The biggest enemies of galvanized steel are things that attack the zinc coating causing the steel to rust. Painted overhead conveyors, downspouts etc., often start losing the paint and begin rusting after a few short years. If the rust goes unchecked it will drop to the silo roof and start attacking the roof panels. Proper maintenance dictates that we paint the affected areas to keep rust from starting.

The other area that often starts rusting at an early stage is at the base of the bin, when spoiled grain isn’t removed. If the bin isn’t properly sealed at the base, moisture will get into the grain and start spoilage. This creates a condition that starts rust. The spoiled grain must all be removed and if rust has started to attack the sheets, they must be wire brushed and painted with a quality paint to stop the rusting.
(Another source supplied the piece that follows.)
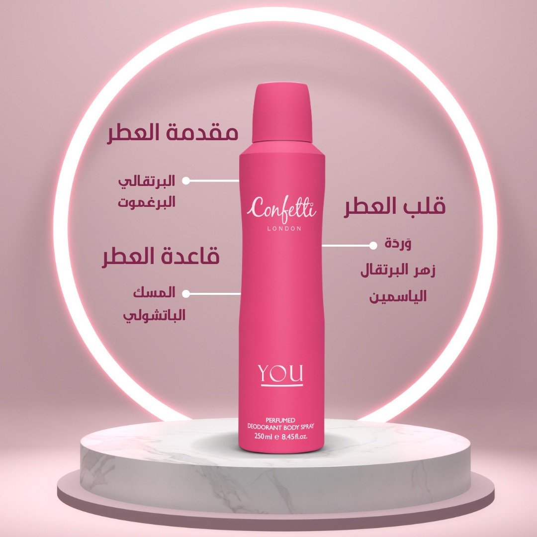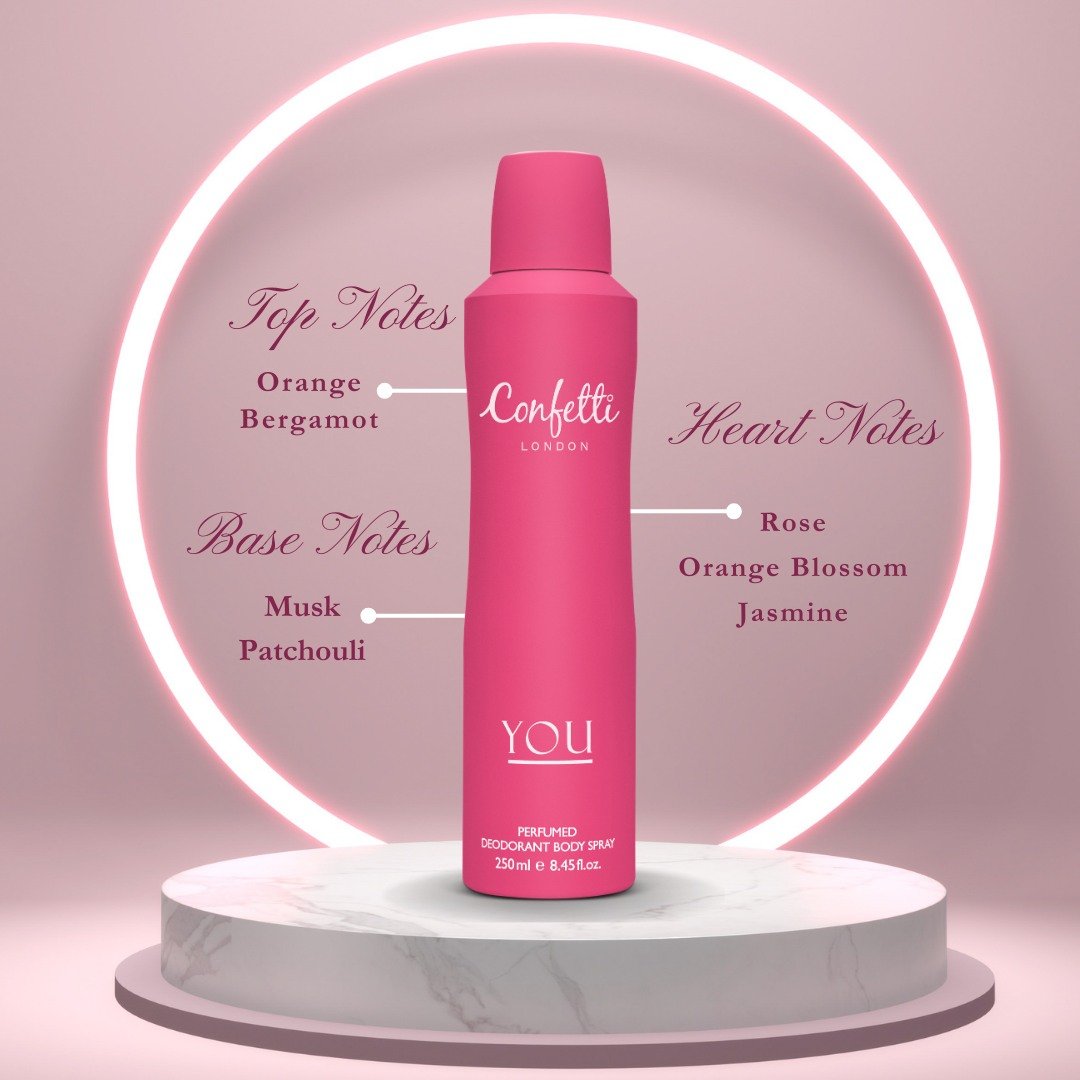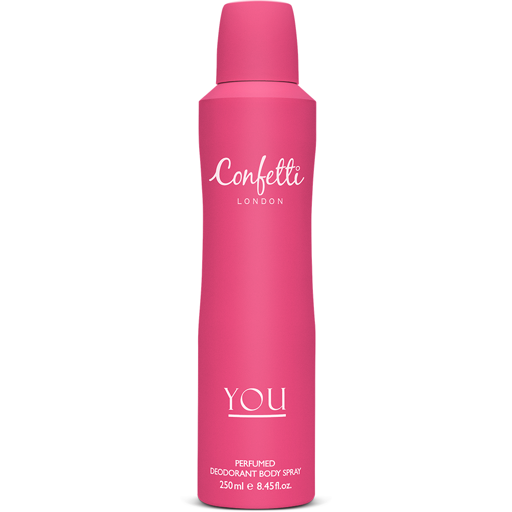 Confetti London YOU Deodorant Body Spray 250 ml is crafted for the bold, the bright, the you. It celebrates your energy by combining fresh fruity top notes, delicate floral heart tones and a soft base that lingers pleasantly. Whether you’re heading to meetings, brunches or evenings out, YOU becomes your signature fragrance.

As individuals are working around the silo site they should be alert to potential problems such as:

Missing bolts

Make sure there are no bolts missing. If some are missing a determination must be made as to whether the bolts were left out at construction or have failed. This should be done very quickly and new bolts installed immediately.


Casually observe the vertical line of the stiffeners. If they show some signs of bulging, corrective action may be required. Stiffeners are designed to take the vertical load associated with the grain and must be truly vertical to carry this load. When they are not in a true vertical position overloads can occur which could cause failure. If the bulging is severe some sheets and stiffeners may need to be replaced.

Ladder rungs and Safety cage

These areas must be closely monitored. Rust is the biggest factor to check for. If rust is evident, new parts should be installed.


The concrete foundation and anchoring system is essential to having a silo last a long time. If the concrete starts breaking away from the anchor bolts it should be repaired immediately. The anchoring system keeps the silo wall from shifting during loading and unloading and keeps the silo in place during high winds when there is no grain in the silo.

Casual observations may show something that just does not look right. When this occurs, call the silo manufacturer or a qualified person to describe what you see. It may turn out to be nothing, but it is better to ask and have nothing wrong than to not ask and have a major failure.

Proper silo maintenance also provides quality grain storage. If spoilage occurs due to improper care of the silo, it can lead to unloading problems and start deterioration of the steel.

Proper unloading is a must to maintain the integrity of the silo. Silos are designed to be center filled and center unloaded. Trying to unload from an intermediate well before all the grain has formed a funnel all the way to the floor at the center well is sure to cause a failure.

Using common sense and on-site observations around the silo will tell you if any problems are starting to occur. When observations indicate problems are developing immediate attention to correct the problem will ensure a silo that will provide many years of quality grain storage.